What is needed is an exact copy of the entries below, with every picture left out.

**Input records**
----------

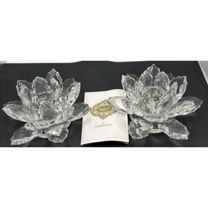 The product is a vintage pair of 3" Lotus Crystal Candle Holders, featuring a floral pattern in a round shape. Made of clear crystal with a shiny finish, these candle holders come in a pretty box packaging. Suitable for all occasions, their contemporary style adds an artistic and romantic touch to any room. With a set of two original pieces, these candle holders are perfect for adding a touch of elegance to your home decor.
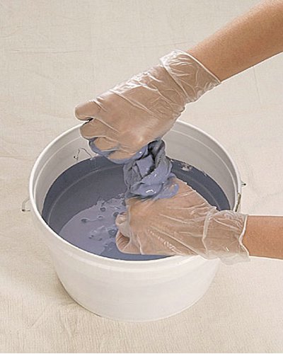 غطس قطعة القماش مبلله ماء في لون الصقيل واعصر الزيادة
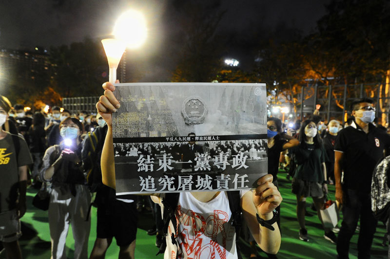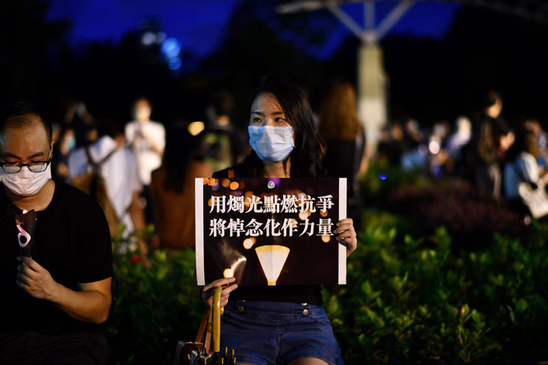 2020年6月4日,香港市民抵達維園,並舉起蠟燭悼念「六四」受難者。圖中一參與者舉著標語。(AFP)
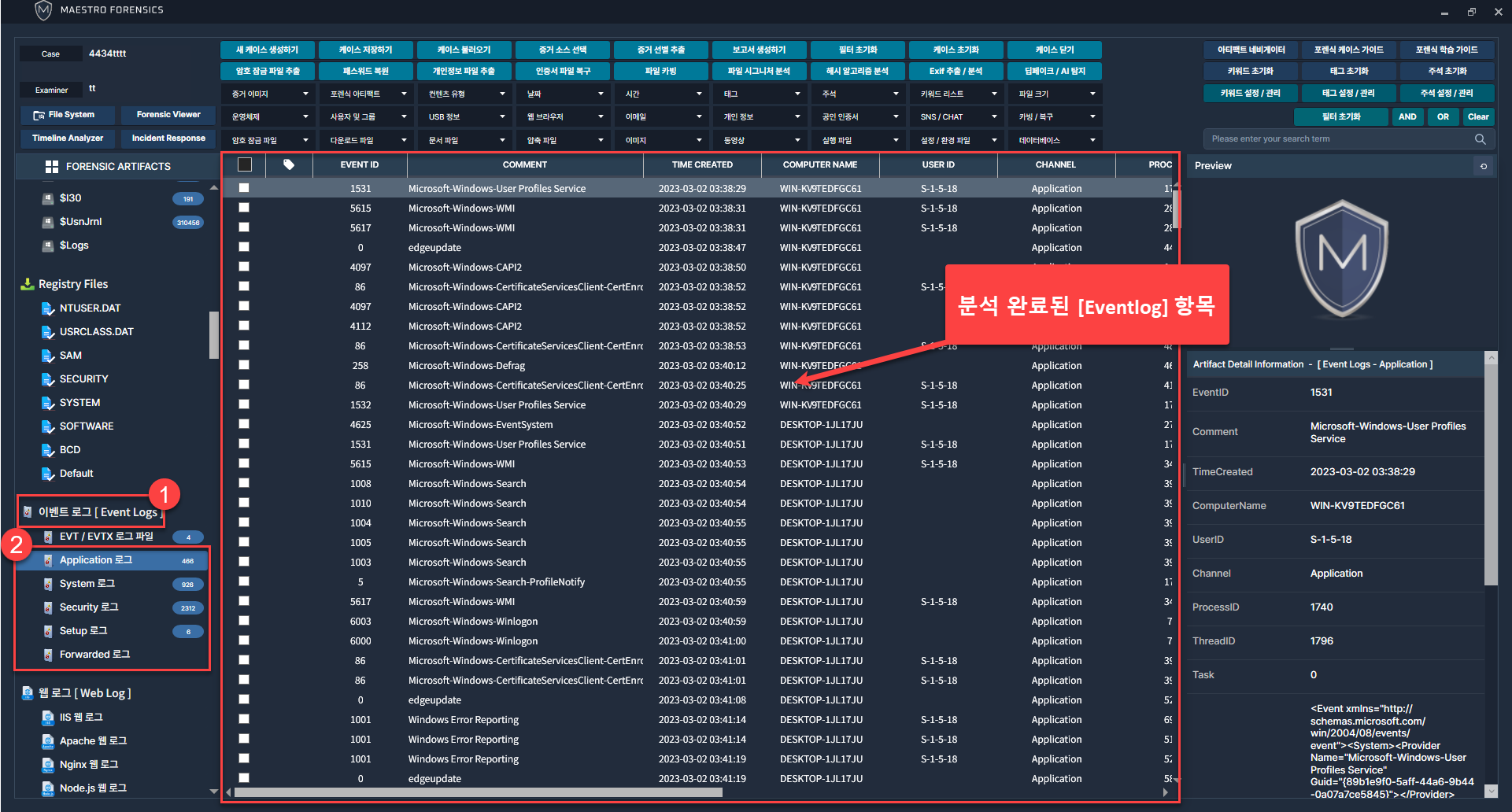 수집 완료된 결과는 [이벤트 로그] - [Windows Eventlogs] 카테고리를 통해 확인 가능
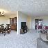 Spacious 2 bed/2 bath END UNIT with two separate outdoor spaces in the lovely Atrium Subdivision. Entrance is located across from the clubhouse, but unit is quietly located on the north side of the building. Lobby with secured entry, elevator access. Spacious foyer leads to carpeted living room and dining room area with sliding glass doors to 20ft balcony. Modest kitchen has table space, coffee bar. In unit walk-in laundry. Guest bed has shared bathroom. Master suit has double doors, access to additional 20 ft balcony, closet, and large master bath with two sinks, gorgeous vanity, separate water closet/step-in shower and walk-in closet. A beautiful and cherished unit waiting for your touch. Attached garage parking included.
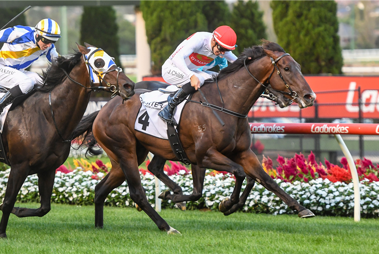 Ridden by Jordan Childs, MAJOR ARTIE (4yo Bay Gelding by Artie Schiller x Major Conquest) (60.0kgs) timed his run with military precision, to snatch victory by 0.1 length over Reliable Dude (58.5kgs) with Write The Score 0.85 length back in third and 2.35 lengths away was the odds-on favourite Eaglemont.
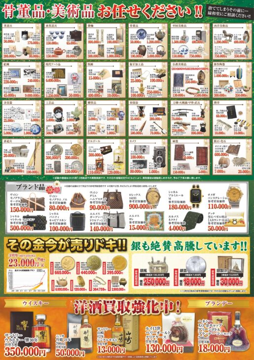 眠っている洋酒や掛軸などを是非この機会に持ち込むのは如何でしょうか?
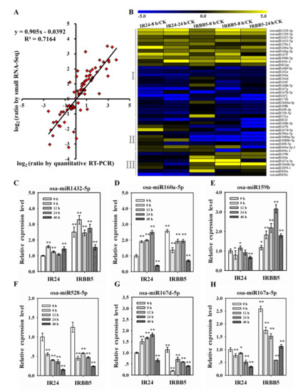 The responsive expression changes of miRNAs after Xoo infection. (A) The correlation analysis of miRNA expression level between small RNA sequencing and qRT-PCR experiments. (B) Heat map of the documented miRNAs with |log2 (fold change ratio)| ≥ 1.5 across Xoo infection. Yellow and blue colors represent up-regulated and down-regulated expression level, respectively. CK represents IR24-0 h. (C and F) The expression profile of basal immunity regulators, osa-miR1432-5p and osa-miR528-5p, in response to the Xoo strain. (D and G) The expression profile of negative immunity regulators, osa-miR160a-5p and osa-miR167d-5p, in response to the Xoo strain. (E and H) The expression profile of positive immunity regulators, osa-miR159b and osa-miR167a-5p, in response to the Xoo strain. The miRNA expression levels in all samples were quantified relative to IR24-0 h. Bars represent mean ± standard deviation (n = 3 independent biological replicates). Asterisks indicate a statistically significant difference (student t-test, ** p < 0.01, * p < 0.05).

----------

**Answer box**
 The product is a vintage pair of 3" Lotus Crystal Candle Holders, featuring a floral pattern in a round shape. Made of clear crystal with a shiny finish, these candle holders come in a pretty box packaging. Suitable for all occasions, their contemporary style adds an artistic and romantic touch to any room. With a set of two original pieces, these candle holders are perfect for adding a touch of elegance to your home decor.
 غطس قطعة القماش مبلله ماء في لون الصقيل واعصر الزيادة
 2020年6月4日,香港市民抵達維園,並舉起蠟燭悼念「六四」受難者。圖中一參與者舉著標語。(AFP)
 수집 완료된 결과는 [이벤트 로그] - [Windows Eventlogs] 카테고리를 통해 확인 가능
 Spacious 2 bed/2 bath END UNIT with two separate outdoor spaces in the lovely Atrium Subdivision. Entrance is located across from the clubhouse, but unit is quietly located on the north side of the building. Lobby with secured entry, elevator access. Spacious foyer leads to carpeted living room and dining room area with sliding glass doors to 20ft balcony. Modest kitchen has table space, coffee bar. In unit walk-in laundry. Guest bed has shared bathroom. Master suit has double doors, access to additional 20 ft balcony, closet, and large master bath with two sinks, gorgeous vanity, separate water closet/step-in shower and walk-in closet. A beautiful and cherished unit waiting for your touch. Attached garage parking included.
 Ridden by Jordan Childs, MAJOR ARTIE (4yo Bay Gelding by Artie Schiller x Major Conquest) (60.0kgs) timed his run with military precision, to snatch victory by 0.1 length over Reliable Dude (58.5kgs) with Write The Score 0.85 length back in third and 2.35 lengths away was the odds-on favourite Eaglemont.
 眠っている洋酒や掛軸などを是非この機会に持ち込むのは如何でしょうか?
 The responsive expression changes of miRNAs after Xoo infection. (A) The correlation analysis of miRNA expression level between small RNA sequencing and qRT-PCR experiments. (B) Heat map of the documented miRNAs with |log2 (fold change ratio)| ≥ 1.5 across Xoo infection. Yellow and blue colors represent up-regulated and down-regulated expression level, respectively. CK represents IR24-0 h. (C and F) The expression profile of basal immunity regulators, osa-miR1432-5p and osa-miR528-5p, in response to the Xoo strain. (D and G) The expression profile of negative immunity regulators, osa-miR160a-5p and osa-miR167d-5p, in response to the Xoo strain. (E and H) The expression profile of positive immunity regulators, osa-miR159b and osa-miR167a-5p, in response to the Xoo strain. The miRNA expression levels in all samples were quantified relative to IR24-0 h. Bars represent mean ± standard deviation (n = 3 independent biological replicates). Asterisks indicate a statistically significant difference (student t-test, ** p < 0.01, * p < 0.05).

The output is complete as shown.